Gagnon also notes that for brokers it is a “seller’s market due to favourable economic conditions.” He suggests that now is the time for brokers to evaluate their options and choose the long-term solution that fits their needs.

“As the broker owner population is aging, a fair number of deals these days are succession-related transactions,” Gagnon says. “For brokers who would like to participate in market consolidation, there remains a need to team up with a strong strategic partner.
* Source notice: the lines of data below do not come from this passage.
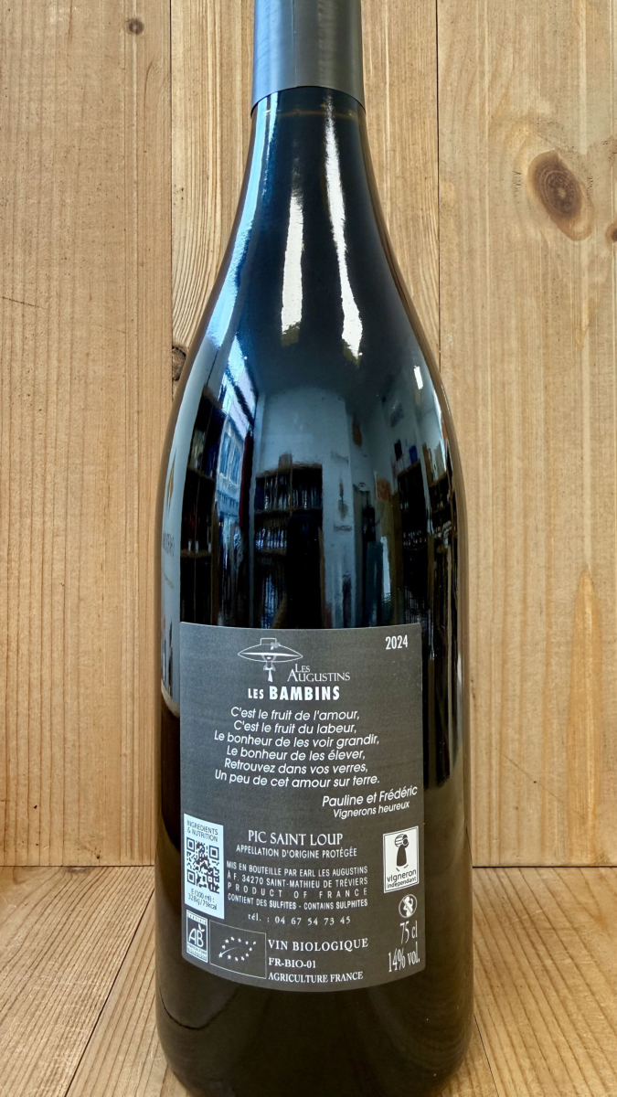 Le Clos des Augustins, c'est typiquement une histoire de vignerons, d'hommes et de femmes du Languedoc qui se transmettent autant leurs vignes que leurs méthode de travail, et surtout la passion de réaliser de belles cuvées de Pic-Saint-Loup ! Située au pied de la montagne, ce domaine à petits rendements et en agriculture biologique dédie chaque cuvée à la nouvelle génération, ce qui explique les noms sur les bouteilles !
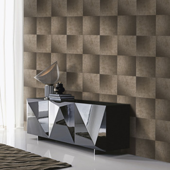 Brown-beige geometric design wallpaper, fabric texture 45251, Feeling, Emiliana
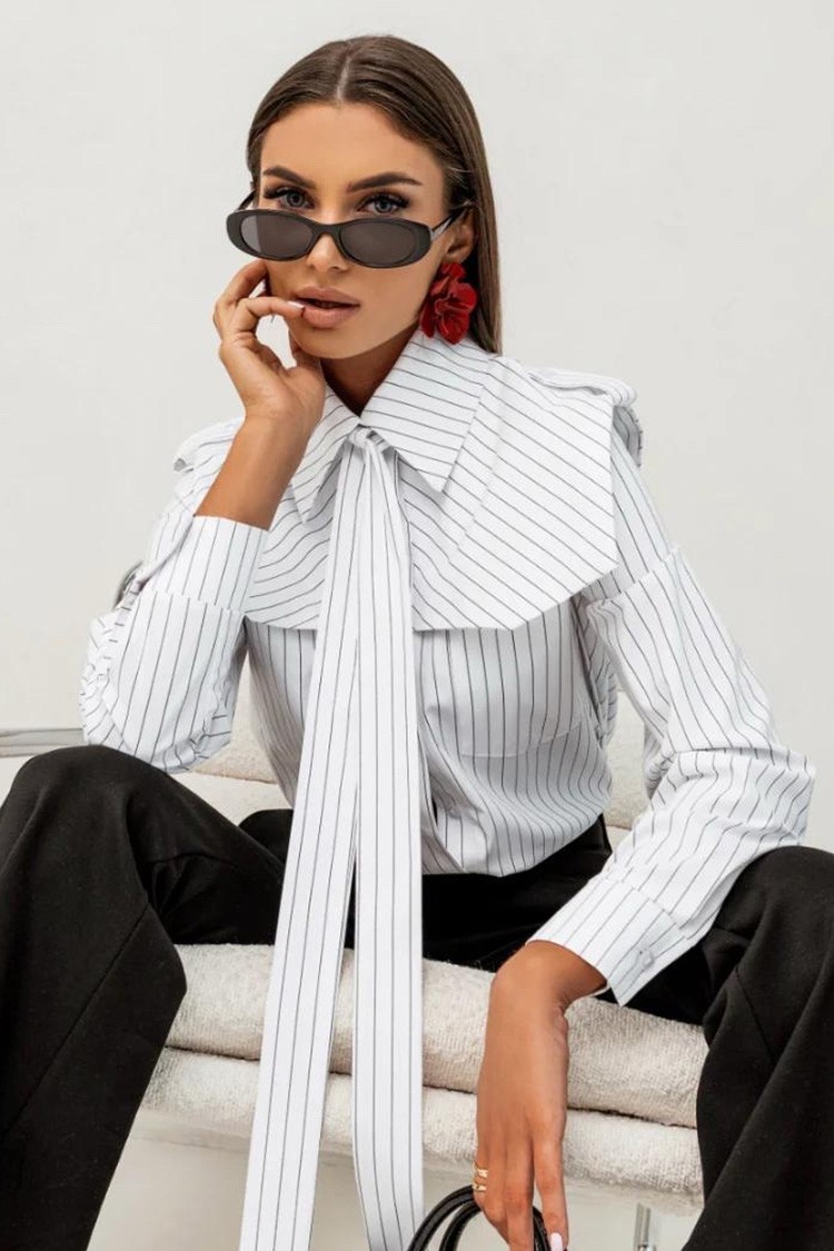- A modell hosszú ujjú, látványos csíkokkal és nyakkendővel rendelkezik.
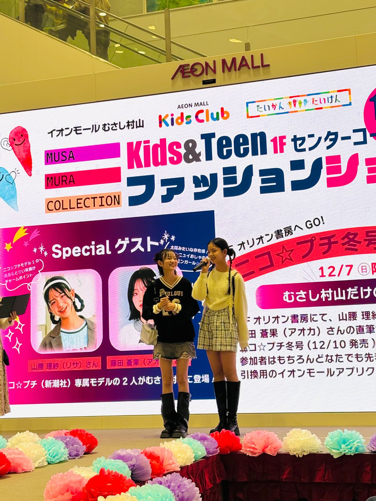 12/7(日)イオンモールむさし村山で開催されたファッションショーに、リサちゃんと2人でゲストモデルとして参加したよ❣️

In fact, that need will most likely increase with time as brokers are more proactive than ever in their search for long-term partnerships with carriers.”

Even with all this consolidation, IBAO’s Randy Carroll observes that brokers have virtually maintained the number of locations across Ontario.

“When you look at consolidation from our association perspective, we had 683 main locations (brokerage entities) at the end of 2010 and that number has gone down to 630 as of May 2013,” he notes. “However, the number of total office locations has only gone down by 10 over that period, from 1,289 to 1,279. That means that brokers have kept their locations to serve consumers.

Carroll says that he has seen recent signs of a slowdown, or at least a more cautious approach to M&A activity. This is particularly true for books of business heavy in Ontario auto, given the uncertainty around the promised 15% rate decrease by the provincial government.

“The sellers may want to get out of the market quite quickly, but the buyers are looking at terms and conditions, and safeguards they can put in place to ensure they are not overpaying,” Carroll says. “The numbers are being looked at six times, instead of three times. We have talked to several brokers who were nearing agreement on a sale and have taken a step back,” he reports.

DEMAND AND SUPPLY

In this sense, the M&A status quo for brokers is reflective of the situation for primary insurers, where there is an ongoing search for the right intersection between the buyer’s demand and the seller’s supply. “I think brokers and carriers are being much more selective in terms of the mix of business they are looking for, whether geographically or product-wise,” says Buitendag. “If there is a bo ok heavy in Ontario personal lines auto, many are saying, ‘What is the risk of gaining more of that business?’ If someone had a beautiful book of mid-size commercial business, there would be a lot of people beating down that door. But good luck finding that right now.”

In M&A activity, there is commonly a discrepancy between what the seller expects and what the buyer is prepared to pay, McPhie points out. There is also an increasing complexity to the negotiation of transactions, which involve tax considerations, multiple lines of business, subsidiaries, restructuring, due diligence and regulatory approvals.

However, McPhie adds that issues sometimes arise in negotiations that can become sticking points. “For example, a company may have a defined benefits pension plan and that represents a significant cost and a risk to the buyer,” he says. “These kinds of things can hold up a transaction.”

Ironically, it is often brokers and insurers that can structure M&A negotiations through transactional risk solutions, such as warranty and indemnity insurance. Demand for transactional risk insurance grew by 41% globally in 2012 “as firms increasingly turned to the insurance market to protect large deals and cross-border acquisitions or sales,” Marsh noted in a press release in March.

A CLEANER TRANSACTION

McPhie says that some solutions may involve transferring certain items off balance sheet so that a transaction can proceed. “Insurers can, in fact, act as a ‘lubricant’ by transferring these types of things off balance sheet and separating them from the deal for a cleaner transaction,” he explains. “You are seeing more interest in this kind of approach,” McPhie adds.

While the gradual consolidation of the Canadian p&c market is a discernible trend that is expected to continue in the next five years, it is difficult, if not impossible, to predict the timing and players involved.

“I hear more rumours about companies being sold than I come into the office each week,” says Carroll. “The Travelers’ announcement brought The Dominion rumours to an end. So which one is next?”